The race to find a new owner for the former Miller Motorsports Complex started more than two years ago and has taken more twists and turns than the facility’s European-style racetrack.
But finally, a new owner may soon emerge.
As we reported in last Thursday’s edition, on Nov. 21 the Tooele County Commission unanimously approved a $1.55 million settlement agreement with Center Point Management and other associated parties to end a lawsuit that has stopped the county from selling Utah Motorsports Campus.
In the agreement, Center Point states it is no longer interested in buying UMC and will not participate or interfere in any future sale of the property by the county. In turn, the county commissioners agree to place $1.55 million in an escrow account.
Half of that amount will be paid to Center Point when 3rd District Court Judge Randall Skanchy, who is presiding over the current lawsuit, dismisses the case. The other half will be paid to Center Point upon the sale of the racetrack to a buyer on or by March 30, 2018.
If Center Point breaks the agreement, any funds not paid would be withheld and Center Point would be required to refund any funds already paid by the county, according to the agreement.
Tooele County Commissioner Myron Bateman said the commission had worked hard to reach a solution and to get Utah Motorsports Campus back on the tax rolls, which is an important and responsible goal. But an attorney representing the county in the lawsuit also gave an explanation that may have been the real fuel behind the settlement.

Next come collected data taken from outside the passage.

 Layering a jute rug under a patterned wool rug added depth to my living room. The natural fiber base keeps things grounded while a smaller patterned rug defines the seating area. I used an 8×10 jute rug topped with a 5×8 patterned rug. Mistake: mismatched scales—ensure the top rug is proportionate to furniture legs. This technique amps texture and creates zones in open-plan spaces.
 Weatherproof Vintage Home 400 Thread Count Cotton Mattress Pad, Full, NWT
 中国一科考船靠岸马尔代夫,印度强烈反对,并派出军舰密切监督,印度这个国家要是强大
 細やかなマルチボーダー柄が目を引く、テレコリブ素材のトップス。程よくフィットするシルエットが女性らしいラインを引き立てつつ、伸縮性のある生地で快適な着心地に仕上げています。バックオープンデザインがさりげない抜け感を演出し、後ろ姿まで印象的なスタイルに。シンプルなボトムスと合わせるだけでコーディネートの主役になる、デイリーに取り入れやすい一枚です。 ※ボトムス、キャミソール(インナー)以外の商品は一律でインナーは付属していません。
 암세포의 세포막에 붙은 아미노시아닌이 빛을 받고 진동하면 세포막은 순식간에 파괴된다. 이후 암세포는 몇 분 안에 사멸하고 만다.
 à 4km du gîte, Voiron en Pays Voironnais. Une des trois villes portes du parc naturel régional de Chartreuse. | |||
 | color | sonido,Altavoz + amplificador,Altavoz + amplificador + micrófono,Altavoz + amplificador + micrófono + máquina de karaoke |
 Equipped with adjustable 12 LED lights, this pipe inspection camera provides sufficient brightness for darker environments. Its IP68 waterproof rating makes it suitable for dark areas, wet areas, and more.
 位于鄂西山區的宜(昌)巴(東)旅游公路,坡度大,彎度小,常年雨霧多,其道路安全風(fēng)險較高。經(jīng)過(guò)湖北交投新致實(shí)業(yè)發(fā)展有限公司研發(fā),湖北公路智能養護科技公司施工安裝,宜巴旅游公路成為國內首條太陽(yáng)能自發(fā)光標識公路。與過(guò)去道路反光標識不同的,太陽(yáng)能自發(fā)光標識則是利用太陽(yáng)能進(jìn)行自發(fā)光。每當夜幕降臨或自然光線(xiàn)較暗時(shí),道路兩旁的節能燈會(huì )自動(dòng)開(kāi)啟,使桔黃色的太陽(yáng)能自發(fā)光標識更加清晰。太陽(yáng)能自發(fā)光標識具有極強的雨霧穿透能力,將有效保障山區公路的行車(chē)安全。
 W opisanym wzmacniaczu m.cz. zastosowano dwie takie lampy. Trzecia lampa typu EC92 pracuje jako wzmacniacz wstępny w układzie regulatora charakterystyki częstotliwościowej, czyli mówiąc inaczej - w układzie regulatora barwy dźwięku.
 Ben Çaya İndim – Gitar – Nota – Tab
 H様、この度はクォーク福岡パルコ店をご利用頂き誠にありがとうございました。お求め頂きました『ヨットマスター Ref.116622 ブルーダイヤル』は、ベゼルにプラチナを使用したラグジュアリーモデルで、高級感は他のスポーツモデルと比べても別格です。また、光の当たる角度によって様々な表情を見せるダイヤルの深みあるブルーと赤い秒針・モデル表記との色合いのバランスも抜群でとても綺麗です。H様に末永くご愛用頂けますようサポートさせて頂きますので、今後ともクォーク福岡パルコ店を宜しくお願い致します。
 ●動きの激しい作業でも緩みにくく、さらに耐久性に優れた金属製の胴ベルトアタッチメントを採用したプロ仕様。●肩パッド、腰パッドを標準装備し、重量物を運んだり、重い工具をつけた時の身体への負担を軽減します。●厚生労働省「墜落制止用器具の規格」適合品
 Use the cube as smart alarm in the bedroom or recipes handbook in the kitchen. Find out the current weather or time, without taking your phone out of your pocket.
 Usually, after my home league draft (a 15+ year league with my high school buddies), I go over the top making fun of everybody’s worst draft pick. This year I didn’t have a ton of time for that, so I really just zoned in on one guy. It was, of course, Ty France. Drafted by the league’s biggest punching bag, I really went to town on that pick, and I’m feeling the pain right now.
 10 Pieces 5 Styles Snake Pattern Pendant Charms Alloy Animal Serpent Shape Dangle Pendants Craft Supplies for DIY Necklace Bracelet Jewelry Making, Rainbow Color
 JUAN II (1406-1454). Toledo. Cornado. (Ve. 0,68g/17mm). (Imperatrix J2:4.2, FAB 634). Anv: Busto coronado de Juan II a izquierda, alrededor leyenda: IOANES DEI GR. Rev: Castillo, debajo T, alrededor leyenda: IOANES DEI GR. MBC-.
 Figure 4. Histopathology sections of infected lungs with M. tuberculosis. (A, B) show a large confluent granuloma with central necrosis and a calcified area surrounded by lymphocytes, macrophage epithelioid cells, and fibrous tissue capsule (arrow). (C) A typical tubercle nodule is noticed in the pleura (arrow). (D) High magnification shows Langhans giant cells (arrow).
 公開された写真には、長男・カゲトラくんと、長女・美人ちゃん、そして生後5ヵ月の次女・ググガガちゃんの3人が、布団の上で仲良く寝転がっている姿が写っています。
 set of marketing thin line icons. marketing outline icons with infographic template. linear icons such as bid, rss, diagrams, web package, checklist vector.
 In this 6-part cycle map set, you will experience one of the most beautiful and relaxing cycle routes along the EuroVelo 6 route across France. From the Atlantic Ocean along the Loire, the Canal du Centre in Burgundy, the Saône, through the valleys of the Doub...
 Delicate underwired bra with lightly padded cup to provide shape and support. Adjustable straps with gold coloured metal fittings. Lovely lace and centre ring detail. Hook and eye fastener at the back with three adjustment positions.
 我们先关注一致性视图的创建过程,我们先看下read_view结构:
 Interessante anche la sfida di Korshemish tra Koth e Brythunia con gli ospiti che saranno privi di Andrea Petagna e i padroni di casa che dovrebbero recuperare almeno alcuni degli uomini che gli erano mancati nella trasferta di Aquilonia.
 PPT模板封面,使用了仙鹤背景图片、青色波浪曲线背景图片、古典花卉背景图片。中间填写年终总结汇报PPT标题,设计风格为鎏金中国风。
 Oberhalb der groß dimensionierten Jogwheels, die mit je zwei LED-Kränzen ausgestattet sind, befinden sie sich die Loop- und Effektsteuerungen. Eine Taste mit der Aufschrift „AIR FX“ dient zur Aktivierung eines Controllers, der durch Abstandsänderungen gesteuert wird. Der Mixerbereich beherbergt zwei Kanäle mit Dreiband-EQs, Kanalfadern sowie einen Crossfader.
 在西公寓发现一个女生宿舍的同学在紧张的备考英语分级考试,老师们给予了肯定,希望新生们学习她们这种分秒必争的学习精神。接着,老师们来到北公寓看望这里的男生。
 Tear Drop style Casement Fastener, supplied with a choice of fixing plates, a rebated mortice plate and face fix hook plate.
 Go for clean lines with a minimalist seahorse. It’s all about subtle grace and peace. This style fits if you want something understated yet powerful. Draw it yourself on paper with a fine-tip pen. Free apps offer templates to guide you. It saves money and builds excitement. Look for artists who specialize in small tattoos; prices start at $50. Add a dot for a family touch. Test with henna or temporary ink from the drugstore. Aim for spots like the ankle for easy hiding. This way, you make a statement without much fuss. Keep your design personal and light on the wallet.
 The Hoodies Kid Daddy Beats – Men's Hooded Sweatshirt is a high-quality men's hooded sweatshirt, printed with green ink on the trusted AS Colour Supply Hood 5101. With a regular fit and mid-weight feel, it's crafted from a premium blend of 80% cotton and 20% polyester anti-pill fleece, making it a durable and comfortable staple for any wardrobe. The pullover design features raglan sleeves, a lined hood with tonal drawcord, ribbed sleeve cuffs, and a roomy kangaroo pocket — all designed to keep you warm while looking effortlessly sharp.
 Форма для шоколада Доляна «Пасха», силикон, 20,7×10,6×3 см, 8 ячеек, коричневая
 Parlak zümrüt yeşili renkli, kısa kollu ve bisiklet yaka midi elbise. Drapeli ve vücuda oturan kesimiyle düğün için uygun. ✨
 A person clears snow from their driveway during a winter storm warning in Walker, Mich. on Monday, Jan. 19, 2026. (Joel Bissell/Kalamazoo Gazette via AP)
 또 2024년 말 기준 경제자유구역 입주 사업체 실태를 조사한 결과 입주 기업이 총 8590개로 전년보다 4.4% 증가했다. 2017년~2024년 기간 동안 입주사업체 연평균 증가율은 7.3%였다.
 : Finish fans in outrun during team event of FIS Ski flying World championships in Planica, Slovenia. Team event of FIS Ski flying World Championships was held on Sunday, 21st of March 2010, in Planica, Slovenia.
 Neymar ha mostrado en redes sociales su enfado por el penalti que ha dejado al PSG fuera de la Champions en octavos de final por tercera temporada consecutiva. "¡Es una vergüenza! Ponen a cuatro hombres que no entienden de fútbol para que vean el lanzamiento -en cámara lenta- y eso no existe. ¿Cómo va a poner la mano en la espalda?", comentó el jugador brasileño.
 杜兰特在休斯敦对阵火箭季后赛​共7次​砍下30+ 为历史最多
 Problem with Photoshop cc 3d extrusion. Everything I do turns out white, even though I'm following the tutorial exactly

Without surprise, it’s about money.
“The alternative to the agreement is to continue litigation,” said Barton Kunz with Salt Lake City-based law firm of Goebel Anderson. “But that would take time, and meanwhile, the property would remain in the hands of the county and not in the hands of private entities that can develop it. It would also increase or continue attorneys’ fees litigating the case, and the property would continue in legal limbo like it is now.”
It is possible, if not probable, the lawsuit to force the county to sell UMC to Center Point would have dragged on for years. Meanwhile, attorney fees would mount, as Kunz warned, and the value of UMC, without a viable new owner, would likely plummet. The combination of spiraling legal fees and racetrack operational costs would be a burden the county commission — and local taxpayers — would find hard to sustain during a protracted lawsuit.
From a pragmatic standpoint, and the county commission’s strong desire to quickly transfer the racetrack from the public to the private sector, the $1.55 million settlement may soon prove to be the wiser choice.
Thankfully, the county commission and Center Point have settled sooner rather than later. Hopefully, Judge Skanchy will soon accept the settlement agreement and allow Tooele County to put UMC back up for sale. And may the county soon land a buyer that will make the best use of the racetrack, and if possible, turn UMC into a financially successful facility that creates more local jobs and attracts more visitors to our area.